1. It returns a reference to a different Writable object time.
2. It returns a reference to a Writable object from an object pool.
3. Access Mostly Uused Products by 50000+ Subscribers
4. It returns a reference to a Writable object. The API leaves unspecified whether this is a reused object or a new object.
5. It returns a reference to the same Writable object if the next value is the same as the previous value, or a new Writable object otherwise.

Correct Answer : Get Lastest Questions and Answer :
Explanation: Calling Iterator.next() will always return the SAME EXACT instance of
IntWritable, with the contents of that instance replaced with the next value

Question : MapReduce v (MRv/YARN) splits which major functions of the JobTracker into separate daemons? Select two.
A. Heath states checks (heartbeats)
B. Resource management
C. Job scheduling/monitoring
D. Job coordination between the ResourceManager and NodeManager
E. Launching tasks
F. Managing file system metadata
G. MapReduce metric reporting
H. Managing tasks

1. B,C
2. A,D
3. Access Mostly Uused Products by 50000+ Subscribers
4. C,H
5. B,G

Correct Answer : Get Lastest Questions and Answer :
Explanation: The fundamental idea of MRv2 is to split up the two major functionalities of the JobTracker, resource management and job scheduling/monitoring, into separate
daemons. The idea is to have a global ResourceManager (RM) and per-application ApplicationMaster (AM). An application is either a single job in the classical sense of Map-
Reduce jobs or a DAG of jobs.

The central goal of YARN is to clearly separate two things that are unfortunately smushed
together in current Hadoop, specifically in (mainly) JobTracker:
/ Monitoring the status of the cluster with respect to which nodes have which resources
available. Under YARN, this will be global.
/ Managing the parallelization execution of any specific job. Under YARN, this will be done
separately for each job.

Question : For each input key-value pair, mappers can emit:

1. As many intermediate key-value pairs as designed. There are no restrictions on the
types of those key-value pairs (i.e., they can be heterogeneous).
2. As many intermediate key-value pairs as designed, but they cannot be of the same type
as the input key-value pair.
3. Access Mostly Uused Products by 50000+ Subscribers
4. One intermediate key-value pair, but of the same type.
5. As many intermediate key-value pairs as designed, as long as all the keys have the
same types and all the values have the same type.

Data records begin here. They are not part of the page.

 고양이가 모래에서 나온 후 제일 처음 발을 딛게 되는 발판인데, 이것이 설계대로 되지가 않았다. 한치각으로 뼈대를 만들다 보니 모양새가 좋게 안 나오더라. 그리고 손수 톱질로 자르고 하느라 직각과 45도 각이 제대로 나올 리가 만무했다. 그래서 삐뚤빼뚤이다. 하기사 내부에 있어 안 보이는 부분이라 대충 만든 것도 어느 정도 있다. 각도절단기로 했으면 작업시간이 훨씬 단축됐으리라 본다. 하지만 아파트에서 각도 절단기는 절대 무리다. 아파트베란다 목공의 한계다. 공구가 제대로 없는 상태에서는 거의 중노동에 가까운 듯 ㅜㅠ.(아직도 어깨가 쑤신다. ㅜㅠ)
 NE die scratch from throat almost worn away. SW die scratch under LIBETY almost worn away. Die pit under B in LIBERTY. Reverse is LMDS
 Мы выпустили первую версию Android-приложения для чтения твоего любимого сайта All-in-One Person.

Correct Answer : Get Lastest Questions and Answer :
Explanation: Mapper maps input key/value pairs to a set of intermediate key/value pairs.
Maps are the individual tasks that transform input records into intermediate records. The
transformed intermediate records do not need to be of the same type as the input records.
A given input pair may map to zero or many output pairs.

Related Questions

Question : What are map files and why are they important?

1. Map files are stored on the namenode and capture the metadata for all blocks on a particular rack. This is how Hadoop is "rack aware"
2. Map files are the files that show how the data is distributed in the Hadoop cluster.
3. Access Mostly Uused Products by 50000+ Subscribers
4. Map files are sorted sequence files that also have an index. The index allows fast data look up.

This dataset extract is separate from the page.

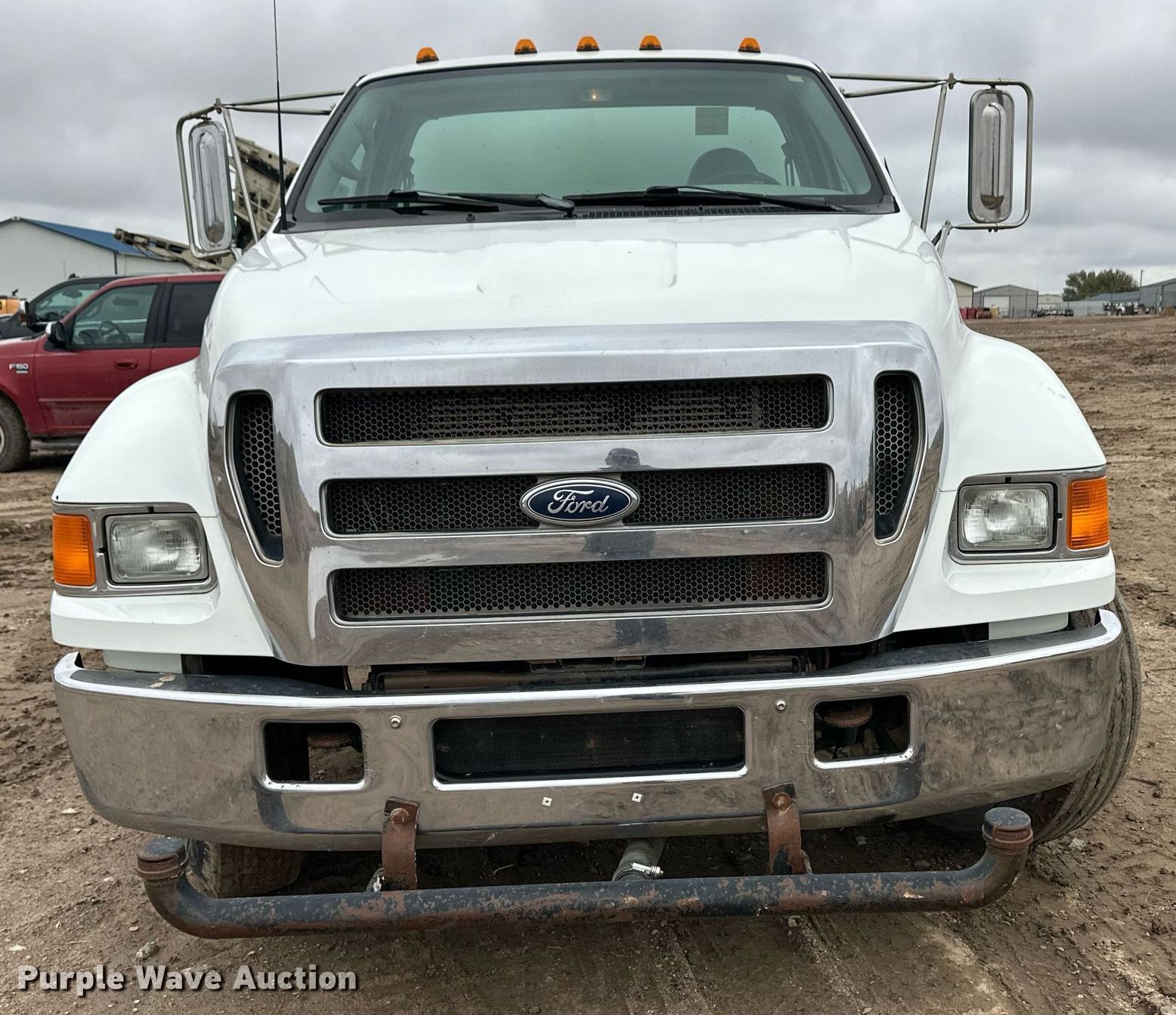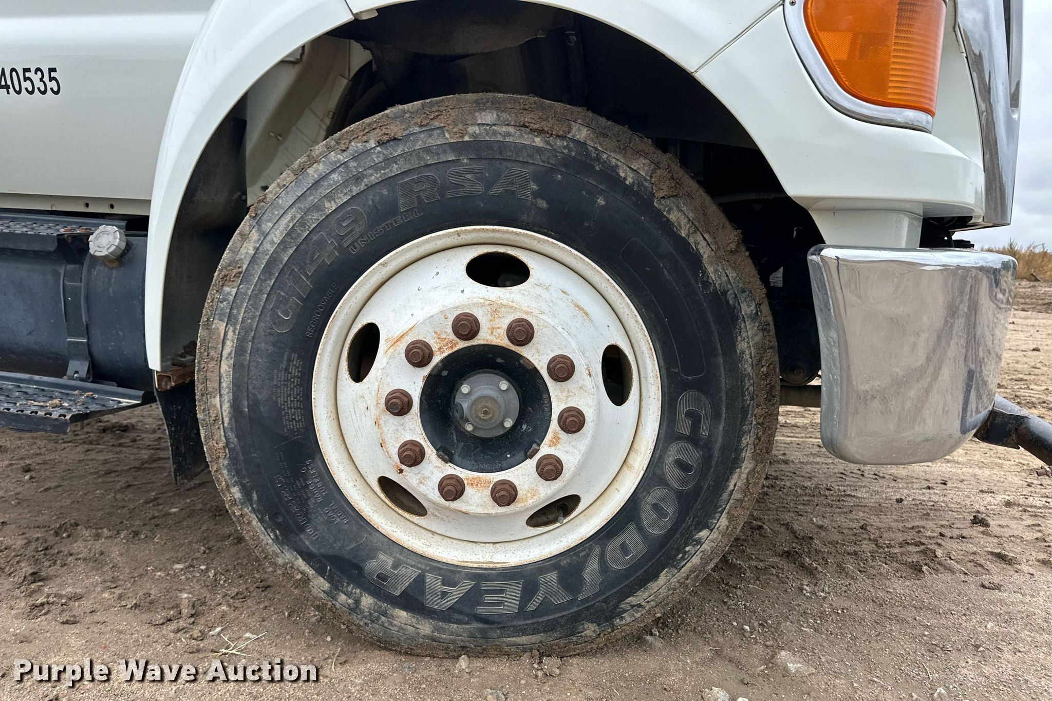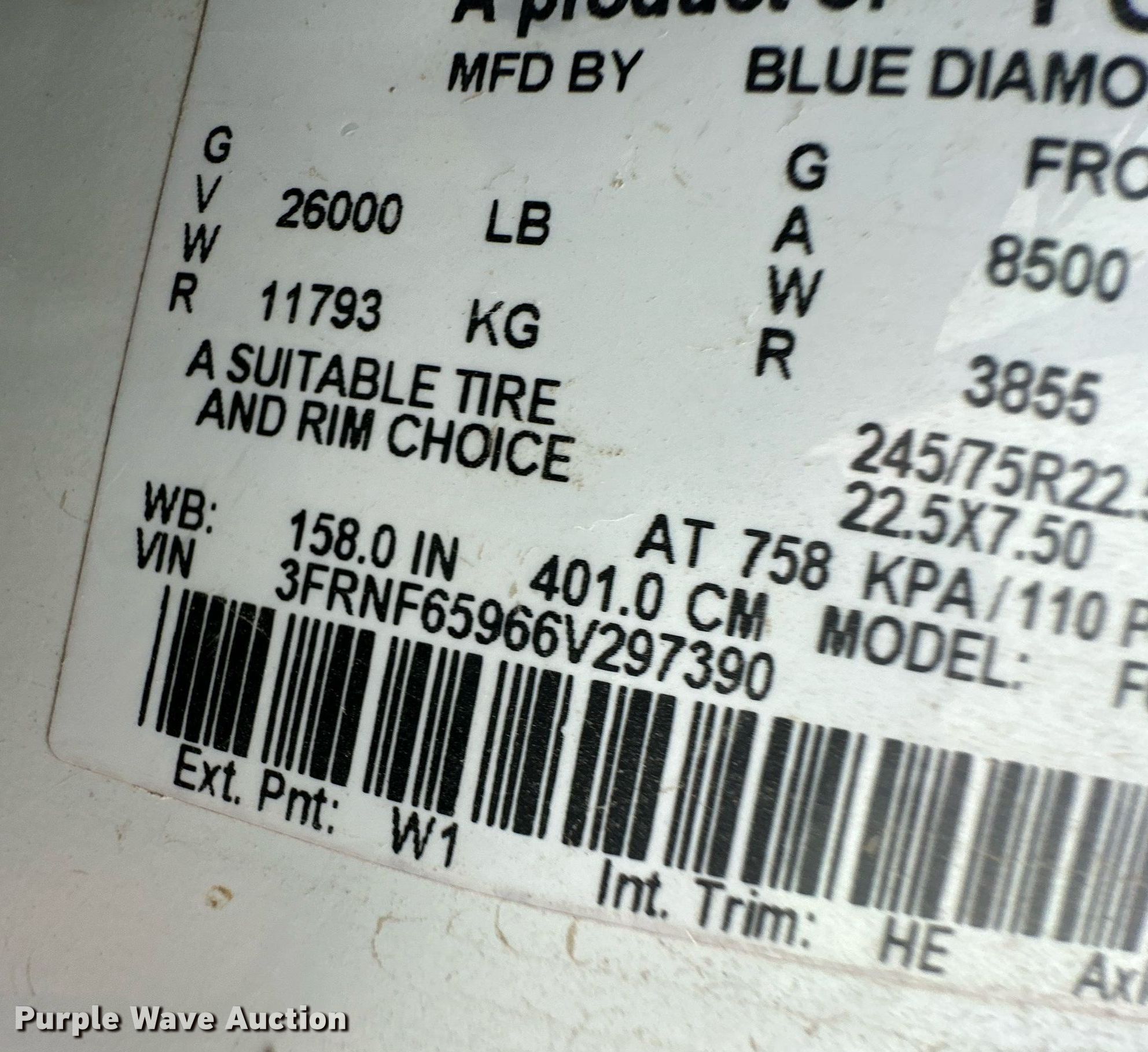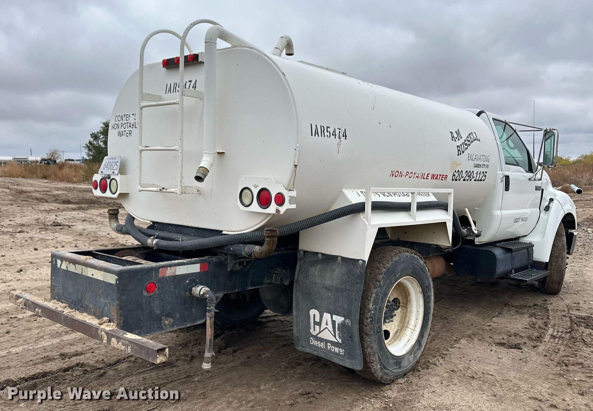 2006 Ford F650 Super Duty water truck. Miles: 15,681 on odometer, VIN: 3FRNF65966V297390. Engine Caterpillar C7 Acert, Displacement: 7.2L, Cylinders: 6, Fuel type: Diesel, HP: 190. Transmission Manual, Speed: 6. Chassis Axles: Single, Suspension: Spring, Brakes: Hydraulic. Interior AC, Heat, Cruise control. Features Bed / tank Capacity: 2,000 gallons, 10' L x 84" W, Spray bar: Front, Rear, Side discharge, Hose reel, Top fill. Tires Size: 10R22.5. Kansas title. Title distribution may be delayed up to 30 days from verification of funds. A-M Russell Excavating. Garden City, KS 67846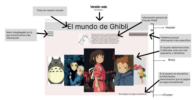 En l apágina principal podemos encontrar una pequeña descripción de lo que es el mundo de Ghibli y nuestra primera historia de usuario, que es mostrar las películas más vistas o en su mayor popularidad de la audiencia con una breve descripción, en la parte lateral izquierda vemos un conjunto de botones en la que nos lleva a la parte de pelíuclas en general, noticias y personajes de películas.

Question : Let's assume you have following files in the hdfs directory called merge.
Test1.txt
hadoopexam.com Hadoop Training 1
Test2.txt
www.hadoopexam.com Hadoop YARN Training
Test3.txt
http://hadoopexam.com Amazon WebService Training
Now you run the following command
hadoop fs -getmerge -nl merge/ output2.txt
What is the content in the output2.txt file

1.
hadoopexam.com Hadoop Training 1
www.hadoopexam.com Hadoop YARN Training
http://hadoopexam.com Amazon WebService Training

2.

hadoopexam.com Hadoop Training 1

www.hadoopexam.com Hadoop YARN Training

http://hadoopexam.com Amazon WebService Training

3. Access Mostly Uused Products by 50000+ Subscribers
4. www.hadoopexam.com Hadoop YARN Traininghadoopexam.com Hadoop Training 1http://hadoopexam.com Amazon WebService Training

Question : In the regular WordCount MapReduce example, you have following driver code

public class WordCount extends Configured implements Tool {
public static void main(String args[]) throws Exception {
int res = ToolRunner.run(new WordCount(), args);
System.exit(res);
}
public int run(String[] args) throws Exception {
Path inputPath = new Path("shakespeare1");
Path outputPath = new Path(""+System.currentTimeMillis());
Configuration conf = getConf();
Job job = new Job(conf, this.getClass().toString());
FileInputFormat.setInputPaths(job, inputPath);
FileOutputFormat.setOutputPath(job, outputPath);
job.setJobName("WordCount");
job.setJarByClass(WordCount.class);
job.setJarByClass(WordCount.class);
job.setJobName("Word Count");
job.setMapperClass(WordMapper.class);
job.setReducerClass(SumReducer.class);
job.setOutputKeyClass(Text.class);
job.setOutputValueClass(IntWritable.class);
job.setNumReduceTasks(2);
return job.waitForCompletion(true) ? 0 : 1;
}}

Now you run the below command on a single node cluste. Where wc.jar is jar file containing Driver,Mapper and Reducer class.
hadoop jar wc.jar WordCount

Select the correct statement from below.

1. It will run 2 Mapper and 2 Reducer
2. It will run 2 Reducer, but number of Mapper is not known.
3. Access Mostly Uused Products by 50000+ Subscribers
4. There is not enough information to tell number of reducer.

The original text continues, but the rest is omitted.